The main reason I pooled the data is to have enough observations to be able to look at different combinations of violence and marital controlling behavior (e.g. any violence AND controlling behavior, physical violence AND controlling behavior, physical violence AND NO controlling behavior). I always use a completely "clean comparison group" consisting of women who did not experience any violence at all. Before running logistic regressions (binary dep.var: "BMI below 18.5", or "Has any anemia"), I would like to create meaningful cross-tabulations (mostly oneway and twoway for anthropometric indicators, dv indicators and main control variables).
Now Im confused about denormalized weights for pooled data and results of descriptive statistics.
- Is it valid to denormalize domestic violence weights even if they only apply to a subgroup (those selected for dv module)?
(DHS forum posts apply to v005 and the like)
- In my cross-tabulations, frequencies are large numbers and seem to be estimates of the total population of my survey countries. This seems dodgy because the numbers do not represent the actual number of observations in my pooled sample anymore.
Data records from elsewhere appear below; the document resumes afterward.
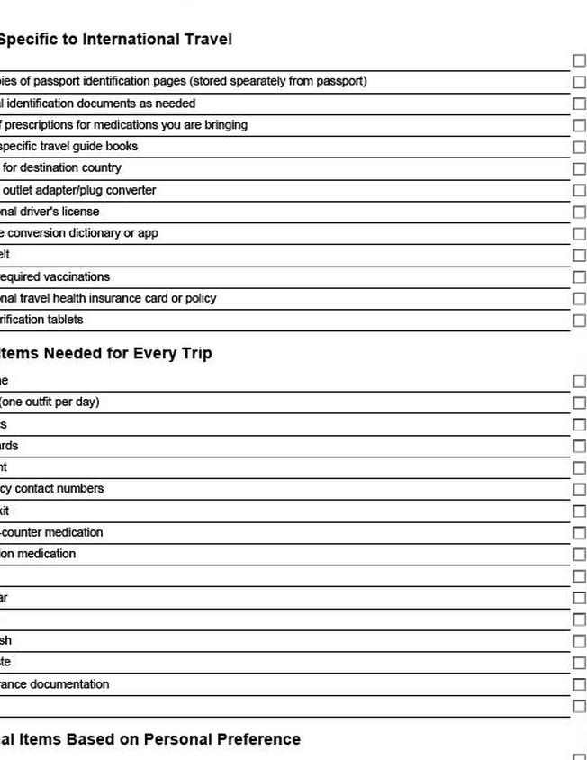 Попытка полагаться на память при подготовке к международной поездке может внести ненужное беспокойство в ситуацию, которая сама по себе достаточно напряженна. Если вы готовитесь к путешествию, не совершайте ошибку, пытаясь отслеживать важную задачу по сбору вещей только по памяти. Вместо этого загрузите и настройте бесплатный печатный список вещей для поездки, представленный здесь, чтобы вы могли оставаться организованным и быть уверенным, что у вас есть все, что вам нужно.
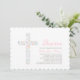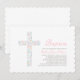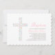 Invitation Douce Fleur Rose Croix Baptême Bébé Fille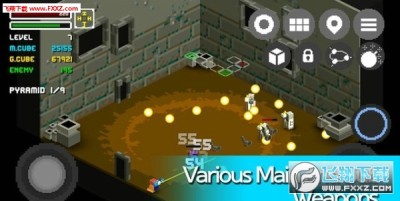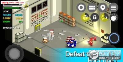 1、玩家操作你的方块英雄,攻击各式各样的敌人;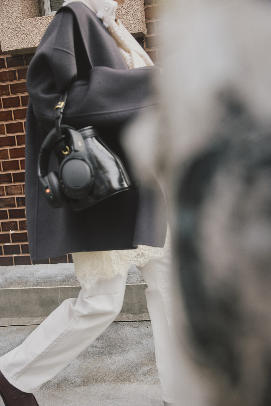 フォルムとチェック柄が印象的で羽織るだけでサマになるコート。冬になると着たくなるホワイトのワントーンコーデに合わせ、コートを主役にしたスタイリングを組みました。今年注目のレースを取り入れて華やかさとトレンド感をプラス。微光沢素材のパンツ、スウェードのバッグを合わせて、冬らしさもありつつ重く見えない素材の掛け合わせを意識しました。

I've never seen any tabulation like that in any paper. Should I have applied any other adjustments to the domestic violence weight?
- For a pooled sample including countries from several regions (South and Central Asia, Africa, Latin America), is there any other meaningful way to weight the data? Or may I ignore weights and svy adjustments in cross-tabulations for pooled data alltogether since my dataset anyway does not represent a certain world region?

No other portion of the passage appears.